New Section 8. Linear Regression Analyses

In Section 8, we expect you to present all relevant code used to produce your final results. No output should be presented in this section (or in Section 9) without commentary. This should describe the fitting and evaluation of two models: a “main effects” model (model A), and an “augmented” model (model B). We’re primarily interested in a clear presentation. The following eight elements should be presented, in properly labeled subsections of section 8, using the labels in bold below.

  1. Missingness your approach to dealing with missing data, if applicable
    • we prefer imputation (simple or multiple) to complete case analysis
    • if you have a sample with no missing data, specify that (again) here
  2. Outcome Transformation your approach to transforming the outcome variable, including an appropriate Box-Cox assessment
  3. Scatterplot Matrix and Collinearity a scatterplot matrix including the (possibly transformed) outcome and all predictors that make it into your “main effects” model
    • be sure to evaluate collinearity between predictors, either through perusing and discussing the correlations in the scatterplot matrix, or with variance inflation factors
  4. Model A: your initial “main effects” model
    • remember that your model must include at least four predictors, of which at least one must be quantitative and one must be multi-categorical
    • we discourage the use of stepwise, best subsets, or other semi-automated model selection strategies, instead please use your problem-based understanding to select variables and use them all.
    • in presenting your main effects model you should show:
      • a tidied table of regression coefficients
      • key fit summary statistics like R-square, AIC and BIC, and
      • the four key diagnostic plots of residuals, with an appropriate interpretation of what you see
  5. Non-Linearity your process for making decisions about how to capture potential non-linearity
    • what did the Spearman \(\rho^2\) plot suggest and how did you spend your degrees of freedom?
      • If the (apparently strongest - furthest to the right) predictor in the \(\rho^2\) plot is quantitative, you should be thinking first about a restricted cubic spline with 4 or 5 knots,
      • If the largest \(\rho^2\) is associated with a binary or a multi-categorical predictor, create an interaction term with the second-largest \(\rho^2\) predictor.
      • If you still have degrees of freedom you’re willing to spend after this, proceed down to the second largest predictor in terms of \(\rho^2\), and proceed similarly to the third largest after that.
    • Regardless of your sample size, please use about 6 additional degrees of freedom beyond the main effects model to account for non-linearity, and add at most 3 non-linear terms to your model.
  6. Model B: fitting your “augmented model” incorporating non-linear terms
    • unless you’re doing multiple imputation you’ll want to be sure you demonstrate that you can fit this using either ols or lm, since you might need either approach for a complete assessment of the model (if you’re doing multiple imputation, you can stick with ols)
    • you’ll need to present a plot of the effects from plot(summary(modelname)) for this augmented model, using ols
    • you’ll also need to present the residual plots for the model you’ve fit, which is easiest to do if you fit the model with lm.
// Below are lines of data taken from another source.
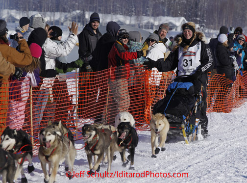 Sunday, March 4, 2012 Kristy Berrington high fives spectators in the starting chute during the restart of Iditarod 2012 in Willow, Alaska.
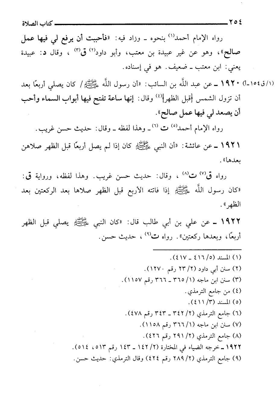 1922 - عن علي بن أبي طالب قال: "كان النبي - صلى الله عليه وسلم - يصلي قبل الظهر أربعًا، وبعدها ركعتين". رواه ت (¬9)، حديث حسن.
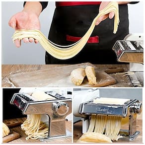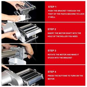 MATERIAL Todo o corpo da máquina para fazer macarrão elétrico é revestido de aço inoxidável, os rolos e as lâminas são de alumínio anodizado. FACILMENTE AJUSTÁVEL Oferecemos mostrador de 7 ou 9 posições que regula a espessura da massa de 0,5mm a 3mm, inclui acessórios para fazer a massa com larguras de 1,5mm e 6,6mm. O motor pode ser retirado após o uso. FÁCIL DE USAR Possui máquina de macarrão integral clássica com motor de 110 V com 2 velocidades para operar a máquina automaticamente ou você pode usar uma manivela para fazer macarrão. FÁCIL DE LIMPAR Você pode limpar com uma escova ou pano macio e seco. NOTA Nunca lave a máquina com água ou na máquina de lavar louça Um motor de 110 V com 2 velocidades para operar a máquina automaticamente e permitir que você crie massas autênticas e deliciosas em sua própria casa nunca foi tão fácil. ESPECIFICAÇÃO Frequência 50 Hz Potência 70 W MOTOR E INSTRUÇÕES DE INSTALAÇÃO DO SUPORTE 1. Empurre o suporte pela base da máquina de macarrão para travá lo bem. 2. Insira o motor no orifício do cilindro necessário. 3. Gire o motor e prenda o no suporte. 4. Pressione os botões para ligar o motor. MANUTENÇÃO DA MÁQUINA 1. Desligue antes de limpar o motor e antes de qualquer operação de manutenção 2.Sempre remova o motor antes de limpar a máquina e use a alça para girar os rolos. 3.Nunca lave a máquina com água ou na máquina de lavar louça 4. Use um pano macio para limpar o motor após o uso. 5. Quaisquer reparos que precisem ser feitos nas partes elétricas devem ser realizados por pessoal treinado Marca: Não Informado
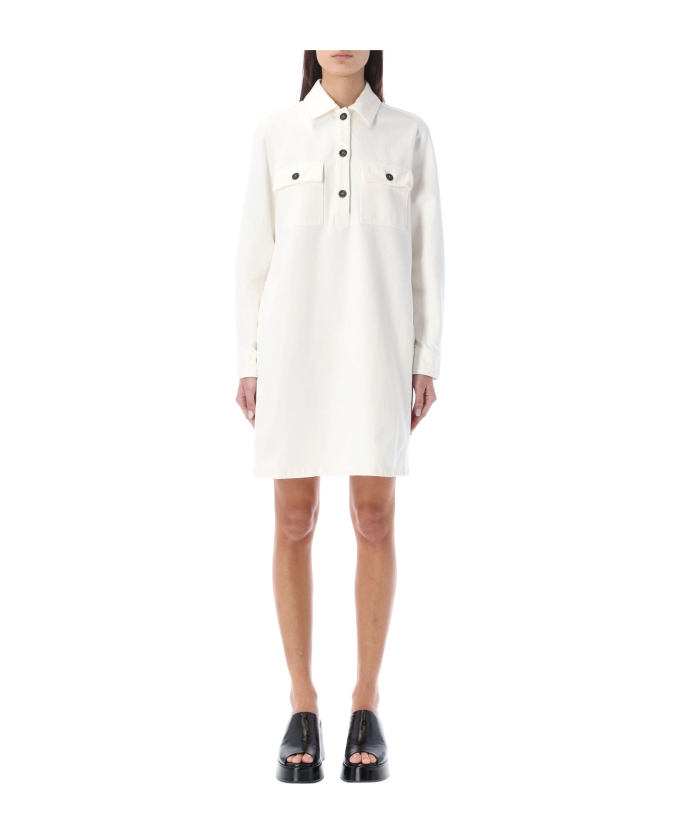 Cotton Mia Denim Mini Dress By A. p. c. Featuring: Straight Cut Mid-thigh Length Classic Collar Three Contrasting Buttons Chest Pockets With Buttoned Flaps Long Sleeves With Buttoned Cuffs Straight Hem Model Is 1,72 M Tall And She Is Wearing Size 36
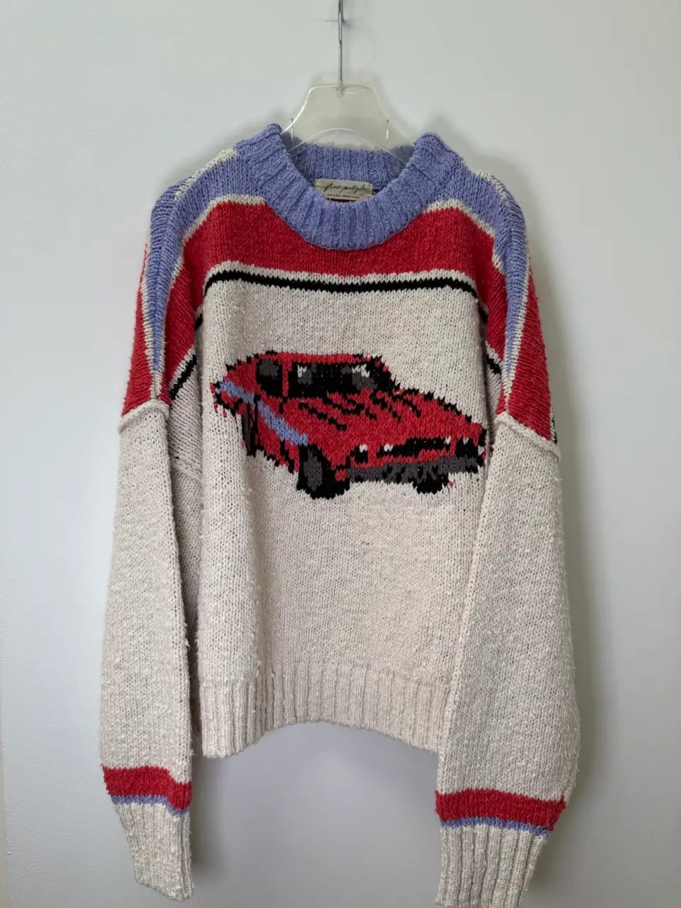 The Free People sweater with a red car graphic adds a playful, retro vibe to your look. Cozy, fun, and full of personality.

If you’ve used multiple imputation, prepare a residuals vs. fitted values plot and evaluate it using ols.
  7. Validating the Models the results of a validation comparison of the “augmented model” B to the “main effects” model A which should help you select a “final model” from the two possibilities. You should produce validated \(R^2\) statistics for Models A and B within ols through the validate function. In addition, you might consider
    • an initial partition into training and test samples,
    • or a k-fold cross-validation strategy, should you deem that useful.
  8. Final Model This section should end with a clear statement of the model you prefer (the “main effects model A” or the “augmented model B”) based on your overall assessment of fit quality, adherence to assumptions as seen in residuals, and whether adding the terms in the augmented model yields an improvement that is worth the complication of adding the non-linear terms. No output should be provided in this section without text annotation and commentary to clarify your results.
    • You should land on a single, final model, using both statistical and non-statistical considerations to make a decision between model A and model B.
    • An appropriate summary of the final model you landed on should start with a listing of the model parameters for a model fit to the entire data set (after imputation as needed) with appropriate confidence intervals, and a table or (better) plot of the effect sizes.
    • Specify the effect sizes for all elements of your final model numerically (with both a point estimate and a confidence interval), and graphically (with a plot of those effects (probably through plot(summary(yourmodel)).
    • Then write a detailed and correct description of the effect of at least one predictor on your outcome for your linear regression model, providing all necessary elements of such a description, and link this directly to what the plot is telling you.
    • We prefer you discuss a scientifically meaningful effect, should one exist. Pick an effect to describe that is interesting to you.
    • You should display an appropriate (corrected through validation) estimate of R-square for your final model
    • The final part of your summary of the final model should be a nomogram with a demonstration of a prediction (and appropriate prediction interval) for a new subject of interest.
    • Your prediction (and its prediction interval) should be back transformed to the original scale of your outcome, if you transformed your outcome before building your model.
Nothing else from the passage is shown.